Я вспоминаю, как меня сердило в атласах это «Raupe unbekannt»[35] в конце описанья бабочки, — и особенно то, что одним из прямо-таки естественных признаков рода становилось отношение числа этих «unbekannt» к числу видов в роде (иногда даже они совпадали). Для одних дневных бабочек Европы этот процент (около сорока) был понижен моим отцом до пятнадцати и, вероятно, понизился бы на столько же, если б он посвятил два-три сезона специальным западным видам. Я видел, у нас же в деревне, с каким упорством и успехом он, бывало, выслеживал «лешущую» (т. е. ищущую место для яйцекладки) самку, устанавливал кормовое растение и на нем выводил гусеницу, всегда учитывая при этом могущие представиться проблемы возрастных перемен корма, капризов симбиоза и зимования; я знал, как усердно он собирал во время своих путешествий все, что могло касаться биографии той или другой бабочки, причем во всех областях России его собиратели на местах выслеживали, выводили, делали зарисовки и препараты. Поэтому если все-таки в конце того или другого описания в «Бабочкаx Российской Империи» значилось: «гусеница неизвестна», то я понимал, что препятствия были до сих пор действительно непреодолимы (крайняя редкость вида, крайняя недавность его открытия, особо неблагодарные условия и обстоятельства наблюдения), но что при малейшей поблажке, при малейшем ослаблении бдительности со стороны сил, стерегущих тайны природы, воровской свет отцовской лампочки выхватит в росном хаосе степных трав маленькую рыбовидную личинку.

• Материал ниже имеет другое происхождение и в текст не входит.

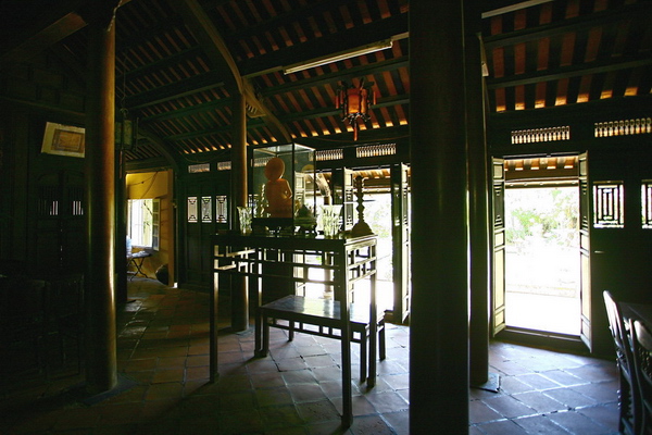 Nội thất gian giữa nhà rường, đây là gian thờ phụng.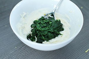 1. Verwarm de oven op 200 graden. Roerbak de spinazie met een snufje peper en zout tot deze geslonken is. Laat uitlekken in een zeef of vergiet en druk zo veel mogelijk vocht er uit. Hak de bieslook fijn en pers het teentje knoflook uit en roer samen met de citroenrasp door de crème fraiche.

В этой взрывчатой череде возобновляемых впечатлений я ограничиваюсь первым томом, «дневными бабочками». В следующих трех, как и в позднейших выпусках «Lep. Asiat.»[36] [37], иллюстрации, может быть, еще совершеннее, пушистость, ворсистость, смазанная полупрозрачность различных семейств «ночных» переданы так, что страшно пальцем провести по бумаге… но первый том всего дороже моей памяти. Как я упивался им в блаженно тягучие дни выздоровления с гренковой крошкой, язвящей меня в ягодицу, и слабостью в плечах, и все наливавшимся мочевым пузырем, и ватным туманом в затылке… Мне нравилась основательность отцовского метода, ибо мне нравились прочные игрушки. Для каждого рода приводился дополнительный список палеарктических видов, в рассматриваемых пределах не встречающихся, снабженный точными «отсылками». Каждой русской бабочке посвящалось от одной до пяти страниц убористого текста, в зависимости от ее малой известности или богатой вариетальности, т. е. чем бабочка была таинственнее или изменчивее, тем большее ей уделялось внимание. Там и сям небольшая карта содействовала усвоению подробного описания распространения вида и разновидностей, как овальная фотография в тексте кое-что прибавляла к тщательному изложению наблюдений над нравами данной бабочки. «Утечка» вида на запад до Андалузии прослеживалась столь же внимательно, как его приключения в среднеазиатских горах. Исправление старых ошибок оживлялось полемическими выпадами, и я вижу смеющиеся глаза автора, когда теперь читаю: «Я застал этот род [Syrichtus] в ужасном состоянии после полувека классификаторскиx потуг», или когда дохожу до добродушного разноса какого-нибудь «открытия» того немецкого путаника, который сыпал названиями напропалую (и все мифологическими, даже вальпургическими), причем создавал бесчисленные местные расы, часто воображаемые, и даже нарушал собственный, какой ни на есть, приоритет вторичным описанием той же разновидности из другого места но все ему прощалось за его энтомологический пыл, за великолепно собранные коллекции.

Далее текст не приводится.